By the way! Kara and I are dating, in case you care but are not on Facebook. It is also great! Dating, I mean; Facebook is mostly okay.
When I first heard that Cory Doctorow had published a book called Someone Comes to Town, Someone Leaves Town, I thought, aha! I get that reference! It points to a list of archetypal story plots that I have seen on the Internet. How clever.
Now I actually need to find that list again and it appears to have been Googlebombed out of existence, thanks to the aforementioned Mr. Doctorow. Even with his surname eliminated from the search results, my google kwon do is failing me. Does anybody remember what I’m talking about?
Ian and I are a bit obsessed with Brian Cox, and I was very happy to notice that the AV Club had done a Random Roles bit with him (an excellent interview schema, which takes the annoying bolded reporter-voice almost entirely out of it and just leaves the meat of the subject rambling about cool stuff). I was not disappointed. You might say I was reappointed. I mean, read this stunningly clear and concise evaluation of American film versus British theatre, prompted by a little question about his career arc post-Rob Roy:
“If you grow up in these islands—especially where I grew up in these islands—the theatre is very powerful, very potent. It’s a part of our heritage. Our culture is really a theatrical culture, not a cinematic culture. Feudal societies don’t create great cinema; we have great theatre. The egalitarian societies create great cinema. The Americans, the French. Because equality is sort of what the cinema deals with. It deals with stories which don’t fall into ‘Everybody in their place and who’s who,’ and all that. But the theatre’s full of that. Especially in Shakespeare. So in a way, it behooves you as a British actor to try and master the classics and become a classical player. I got caught up in it. It wasn’t something I wanted to do, but I was too late.

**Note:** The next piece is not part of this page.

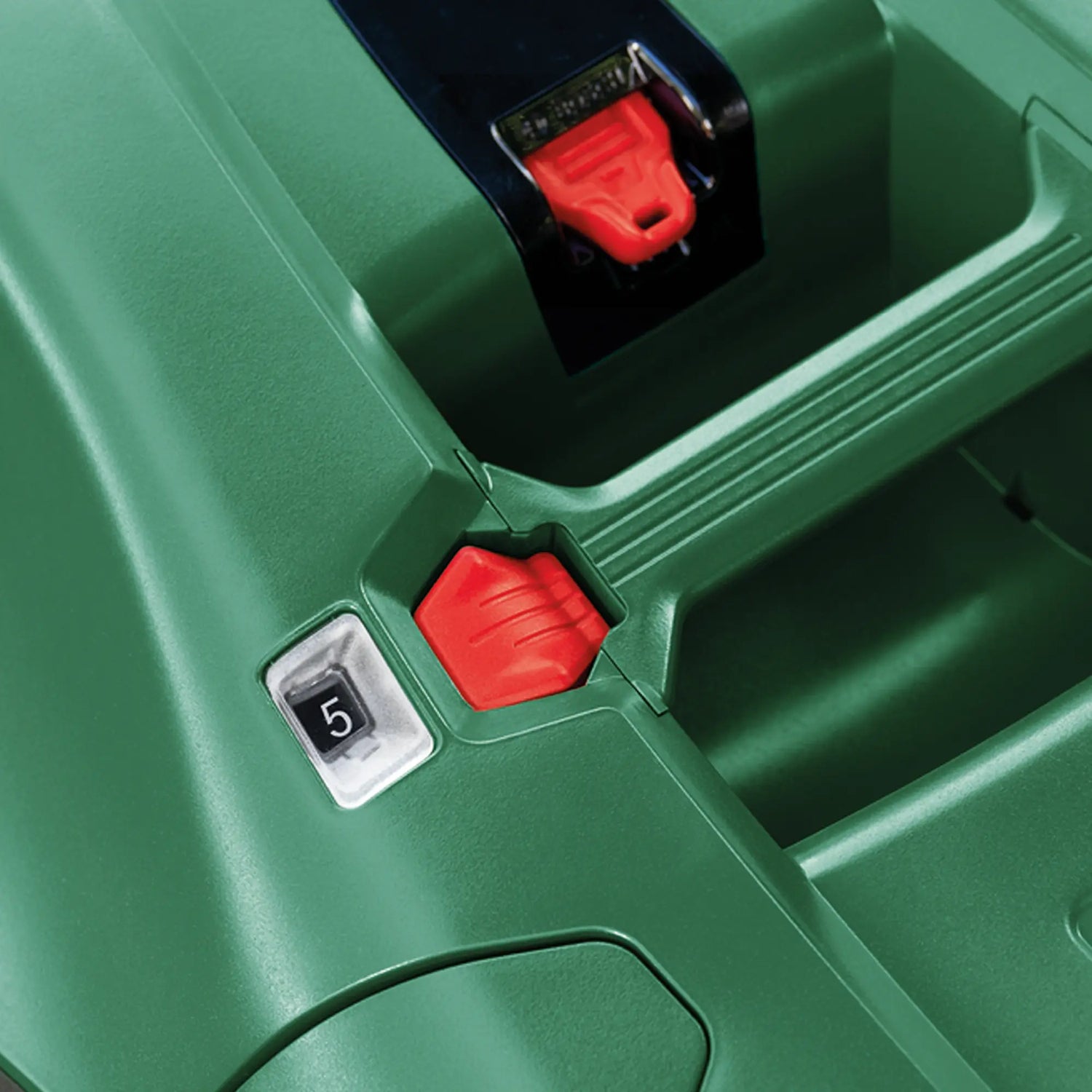 ✔ Zentrale Höhenverstellung: 7 Stufen von 25 bis 80 mm für jeden Schnittbedarf

“You see, the free cinema, the cinema of Albert Finney, Peter O’Toole, Alan Bates, Tom Courtenay… That all ended by the time I came along. So I went to work in the Royal Court, because they weren’t going to be making any more of those movies.”

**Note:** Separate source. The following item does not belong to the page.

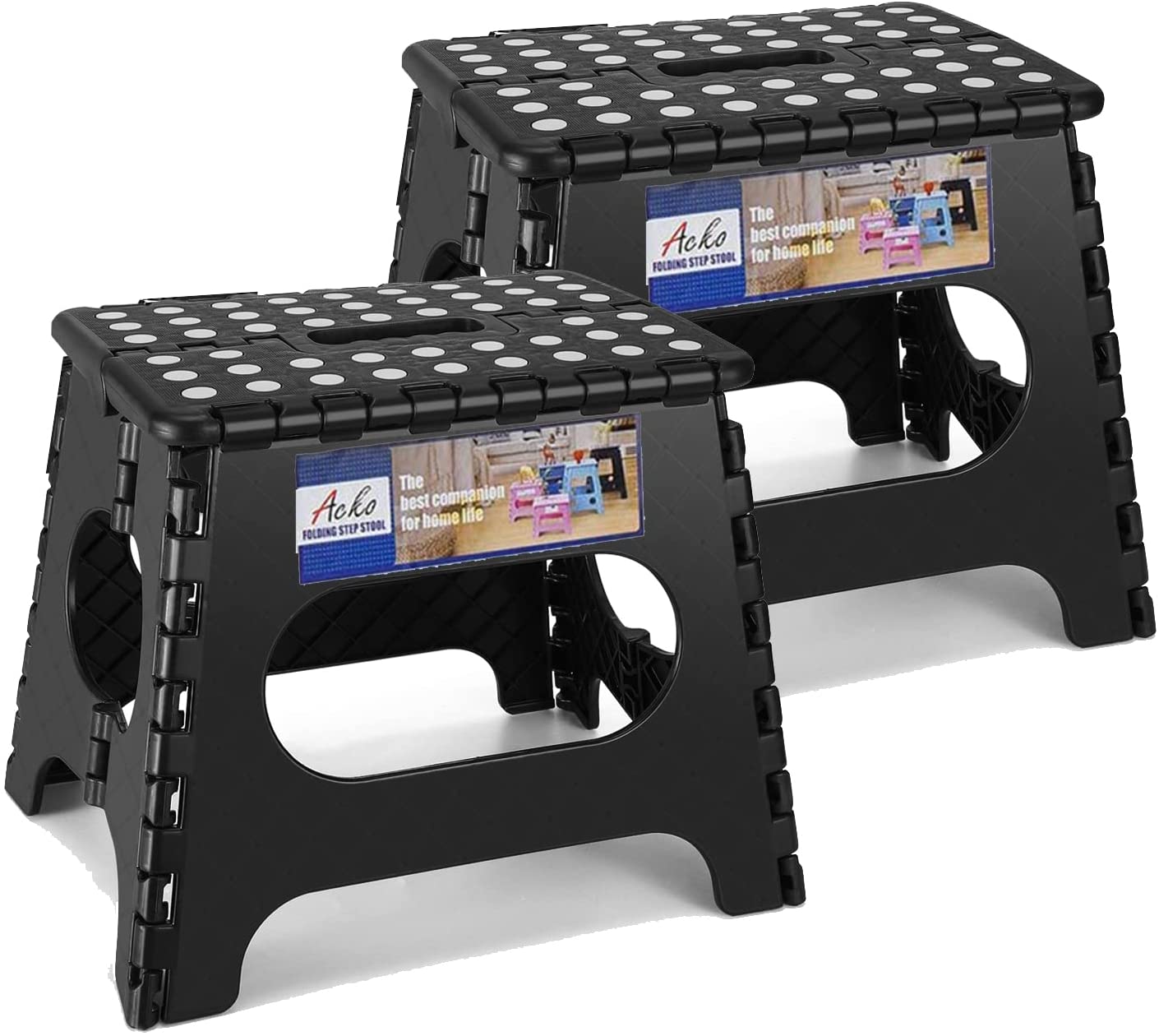 Acko 11 inch Folding Step Stool Lightweight Plastic Step Stool – 2 Pack – Foldable Step Stool for Adults,Non Slip Folding Stools for Kitchen Bathroom Bedroom (Black, 2 Pack)

Remember, dear reader and also future Brendan, an attribute that’s hyphenated in CSS is camelCapped in Javascript! So background-image becomes style.backgroundImage. For no real reason except psychotic, alias-hating adherence to meaningless language conventions.
While I’m at it, ROLLOVER HIGHLIGHT IMAGES ARE GODDAMN POINTLESS. Nobody cares about them except graphic designers who have never written a web page, and even they ignore them on every site but the ones they themselves mocked up.
(Yes, I know rollovers need not make use of Javascript. These two blurts are only sort of related.)
Punch line!
Like many people, I can’t read in dreams, but sometimes I really enjoy the things my brain comes up with to rationalize that. Like last night, when I stood in line for hours for the new Harry-Potter-analog book, finally got to the front and picked up my copy, and discovered that its cover text was in Cyrillic. “Of course,” I thought, “I think I remember hearing this one was in Russian.”
Then I glanced over and noticed a series of five John Bellairs books that I remembered enjoying in high school (including one called Whistle and Hum). I thought about finding them for a while after I woke up, until I realized they don’t exist.